Переход к заключительным системам
1. Как после изложения учений Гербарта и Шопенгауэра можно было бы воздержаться от выделения отдельных противоположностей, поскольку это было бы простым повторением того, что сказано в §41 моей большой работы, так же обстоит дело со сравнением Баадера и Окена и с тем же §44, 19, о котором говорилось там же. Даже там, где они сходятся до слова, диаметральная противоположность остается; и если Баадер превозносит тот факт, что, согласно Окену, человек – это железо, которое имеет для своего магнита то, на что направлено его внимание, то Окен увидел бы в том смысле, в котором это понимает Баадер, собственное искажение, точно так же, как увидел бы его Баадер, если бы Карл Фогт, например, хотел сказать, что он полностью согласен с Баадером в том, что человек есть то, что он ест. Это противопоставление можно сформулировать таким образом, что, согласно Окену, вся философия превращается в натурфилософию, а согласно Баадеру – в религиозную философию. Однако именно по этой причине, если бы философия стремилась не быть одновременно и тем и другим повсюду, как у Баадера, а быть одной в одной части системы и другой в другой, ей следовало бы учиться там у Окена, а здесь у Баадера. Последнее, однако, было указано (§296, 3) как задача новейшей философии; поэтому они значительно приблизили ее к решению. Возможно, даже больше, чем если бы они были менее односторонними.
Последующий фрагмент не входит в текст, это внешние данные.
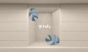 El adhesivo va pegado por el exterior del ventanal.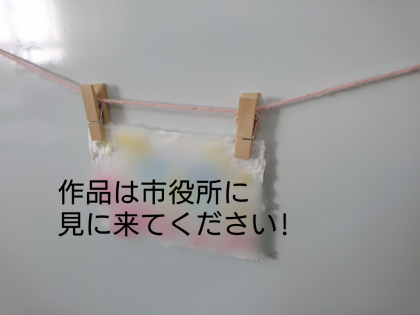 作品を展示する際の展示方法をいっしょに考えました。ウッドクリップを使ってうまく展示することができそうです!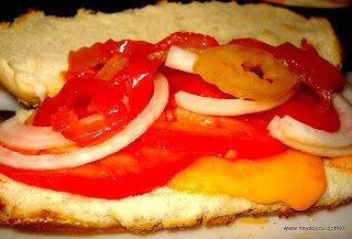 Hot Dog Bun + vegan patty + mmm Tomato + cheese + pickled hot peppers, and of course ranch and ketchup!

2. Если, однако, мы сейчас упустим из виду развитие моментов, связанных в Канте, то противостояние Рейнгольда и его противников, оба из которых считали себя истинными преемниками Канта, впервые выявило оппозицию внутри самой критики, которая разделяла восемнадцатый век до Канта; и там, где она вновь примиряется (Фихте и Шеллингом), это дает более прочный сплав, чем мог дать сам Кант. То, что философия должна быть идеал-реализмом, несомненно. Во-вторых, контраст между учением о науке и системой тождества показал, что объединение пантеизма и индивидуализма, как это пытался сделать Кант, было далеко не полным решением второй задачи новейшей философии, но что важно подняться над семнадцатым и восемнадцатым веками, создав учение, делающее возможным конкретный монотеизм и такое представление о государстве, в котором ни отдельный человек не приносится в жертву целому, ни наоборот. Шеллинг попытался сделать это вместе со своими друзьями в своей работе «Freibeitslebre». Но теперь, в-третьих, когда стороны, соединяющиеся в нити его личности, которые в нем породили сначала античного философа, боготворившего природу и государство, а затем средневекового философа, погруженного в Бога, проявились рядом друг с другом в наиболее выраженной форме в Баадере и Окене, наступило время, когда может найти свое решение и третья задача, а именно: создание системы, в которой (личность не приносится в жертву целому, а целое приносится в жертву личности: создать систему, в которой (не отказываясь от двух только что упомянутых завоеваний) античность и средневековье окажутся на службе XIX века, космософия и теософия станут моментами антропософской философии.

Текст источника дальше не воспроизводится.